As a Data Analyst Intern at Web X UM, you'll be part of a dynamic team that's passionate about empowering students and graduates with practical skills in data analysis. With a focus on real-world experience and project-based learning, this internship offers a unique chance to strengthen your professional portfolio and set yourself up for success in the industry.

During your 3-month tenure, you'll work on exciting projects that'll help you develop a solid foundation in data analysis, from data cleaning and visualization to reporting and insights-driven decision-making.

Why you should learn this:

The demand for data analysts is skyrocketing, with the Bureau of Labor Statistics predicting a 14% growth in employment opportunities by 2030.

Expected Salary: $60,000 - $80,000 per annum, depending on experience and location.

How it works:

  • Step 1: Complete a comprehensive onboarding program that covers the fundamentals of data analysis, including data visualization tools and statistical concepts.
  • Step 2: Work on real-world projects that'll challenge you to apply your skills in data cleaning, analysis, and reporting to drive business decisions.

Core Concepts to Master

1

Data Visualization with Tableau

Learn to create interactive and dynamic dashboards that help stakeholders interpret complex data insights. Understand how to use Tableau to connect to various data sources, design intuitive visualizations, and share insights effectively.

2

Statistical Analysis and Modeling

Develop a solid understanding of statistical concepts, including hypothesis testing, confidence intervals, and regression analysis. Learn to apply these concepts to real-world problems and communicate your findings effectively.

3

Data Wrangling and Cleaning

Master the art of data wrangling, including data quality checks, data normalization, and data transformation. Learn to use tools like Pandas and NumPy to efficiently clean and preprocess data for analysis.
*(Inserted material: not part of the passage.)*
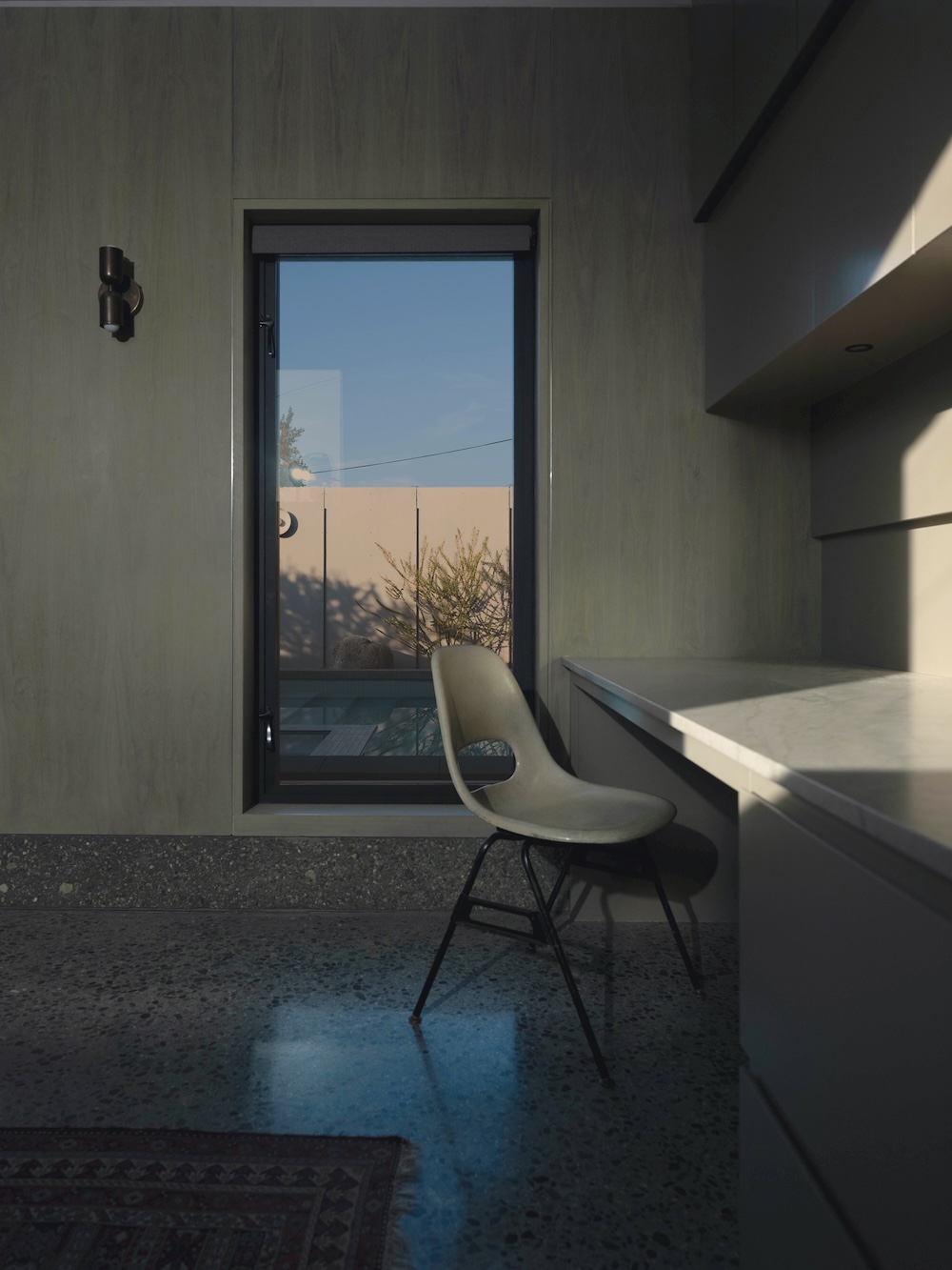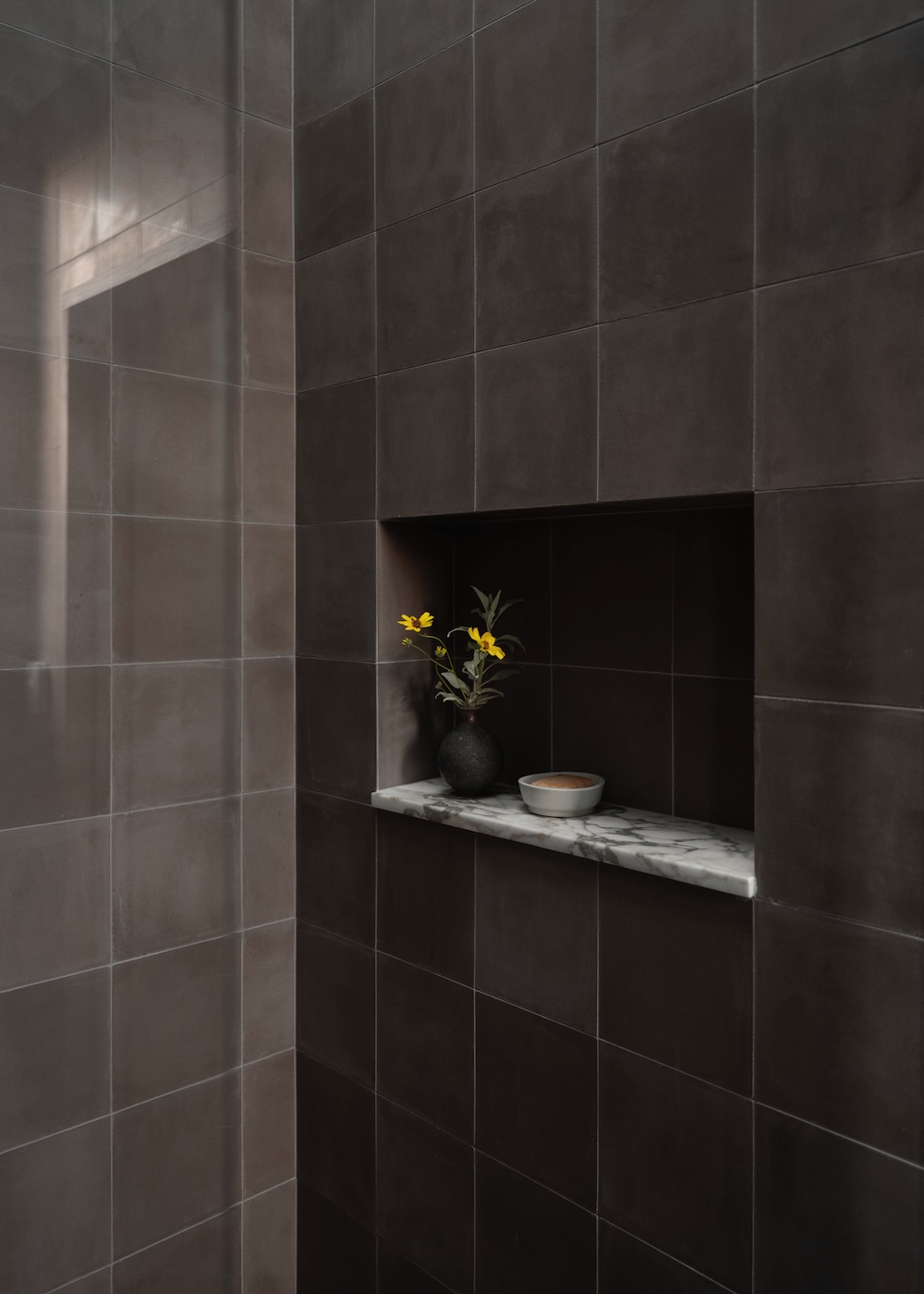 Afin de mettre en œuvre certains détails sur-mesure, les architectes ont fabriqué eux-mêmes une sélection de composants, notamment la plinthe en granulats, les panneaux muraux en noyer et les encadrements de fenêtres. Les boiseries sont traitées avec une huile pour bois danoise pigmentée de la marque Linolie, choisie pour sa capacité à créer un effet de couleur subtil. Une huile verte appliquée sur la chaleur du noyer crée une finition vert argenté aux reflets violets. Cette qualité a guidé le choix de la palette délicate des meubles, de la pierre et des carreaux dans tout l’intérieur.

Interview Questions (Beginner)

  • Can you explain the difference between correlation and causation?
  • How would you approach data cleaning for a large dataset?
  • What are some common data visualization best practices?

Job Overview

CompanyWebs X UM
Employment TypeFull-time
LocationIndia
Experience LevelFresher

Advance Questions

  • • How would you design an A/B testing experiment to measure the impact of a new feature on user engagement?
  • • Can you walk me through your process for building a predictive model using machine learning?
  • • How would you handle missing data in a dataset and what tools would you use?